The New Sudoku Players' Forum

[daj95376]

Which seems to mean that a chain that starts with a weak link isn't properly called an AIC. Does that make it less useful? I've also seen solutions posted that end with a weak link to get a useful elimination. Should we also avoid that?

IIRC, ronk and I had a similar discussion. He convinced me that there wasn't anything wrong with starting and ending with a weak link ... and still calling it an AIC. However, he was talking about a discontinuous loop. The only thing that bothered me was his use of a superflous conclusion. Here's a fictional example: (discontinuous loop does not contain superflous conclusion)

Code: Select all

 AIC w/conclusion:             3r1c1 = 3r3c3 - ... = 4r9c3 - (4=3)r9c9          =>  -3 r9c1

 Discontinuous Loop:   3r9c1 - 3r1c1 = 3r3c3 - ... = 4r9c3 - (4=3)r9c9 - 3r9c1
 conclusion in loop


Multiple eliminations can be handled in the discontinuous loop by changing "3r9c1" to "3r9c1,r1c9" at the start and end of the loop.

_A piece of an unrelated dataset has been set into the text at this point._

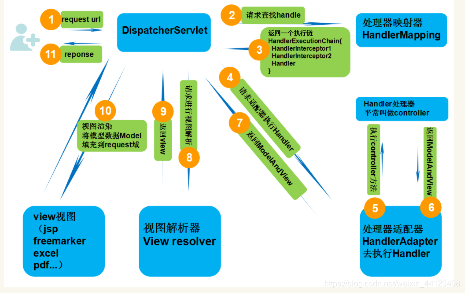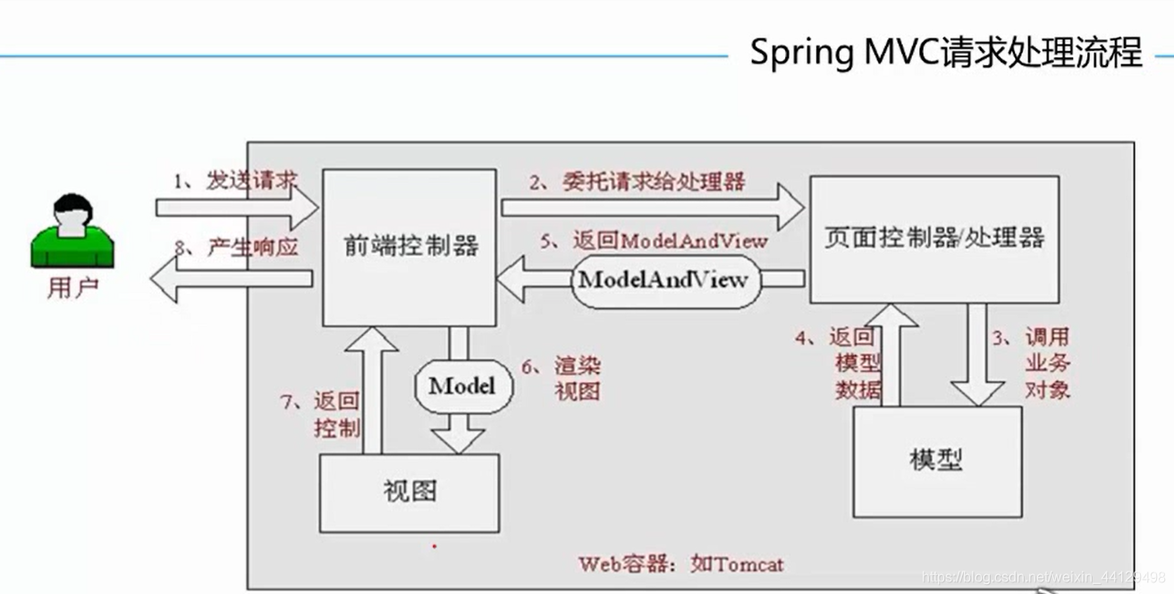 1.首先用户发送请求到前端控制器(DispatcherServlet),前端控制器根据

Note: There are those who post network expressions and consider them to be AICs because they start and end with a weak link. I don't agree.

[DonM]

...and I'm trying to vary my solutions so that I'm not always starting with a weak link.

Why do it at all?

Because sometimes it's useful for arriving at a solution.

Which seems to mean that a chain that starts with a weak link isn't properly called an AIC. Does that make it less useful? I've also seen solutions posted that end with a weak link to get a useful elimination. Should we also avoid that?

I'm not trying to give you a hard time- I respect anyone trying to come up with their own solutions these days.

While I'm always looking for new, innovative solving methods, I am not familiar with any concept that starting with a weak link allows one to better find an elimination. Also, although discontinuous AICs have, from the beginning, ended with a strong inference, some people here have, inexplicably, started notating the implied weak link that ends in the cell with a discontinuity. I know of no situation where adding a weak link at the end of an AIC gets you a 'useful elimination' not possible without doing so.

This is all about notation and whether one wants to follow the long established rules of AIC notation (including in net-based solutions), the benefit of which means that others can more appreciate one's solutions.

[DonM]

Code: Select all

+--------------+-------------+-----------+
| 2   7    13  | 6   5   139 | 4  8   39 |
| 139 39   8   | 4   2   13  | 7  6   5  |
| 6   5    4   | 39  8   7   | 2  1   39 |
+--------------+-------------+-----------+
| 139 24   7   | 5   19  39  | 8  24  6  |
| 39  6    5   | 2   4   8   | 39 7   1  |
| 8   2349 123 | 379 179 6   | 5  39  24 |
+--------------+-------------+-----------+
| 7   8    29  | 1   3   5   | 6  249 24 |
| 5   23   6   | 79  79  4   | 1  23  8  |
| 4   1    39  | 8   6   2   | 39 5   7  |
+--------------+-------------+-----------+

Fwiw: If the objective is to eliminate (3)r6c8, here's another (rather simple) way to do it:
The AUR (79)r6c45/r8c45 has a simple Type 4 UR pseudocell (13)r6c45 (either 1 or 3 must be true) which along with (123)r6c3 forms a simple 'pseudo' ALS. Thus:

(3=2)r8c8-r8c2=r7c3-pseudo als(2=13)r6c345 -> r6c8<>3 stte

[David P Bird]

An AIC is simply a chain where the links are alternately weak of strong, so strictly speaking it doesn’t matter what type the first one is.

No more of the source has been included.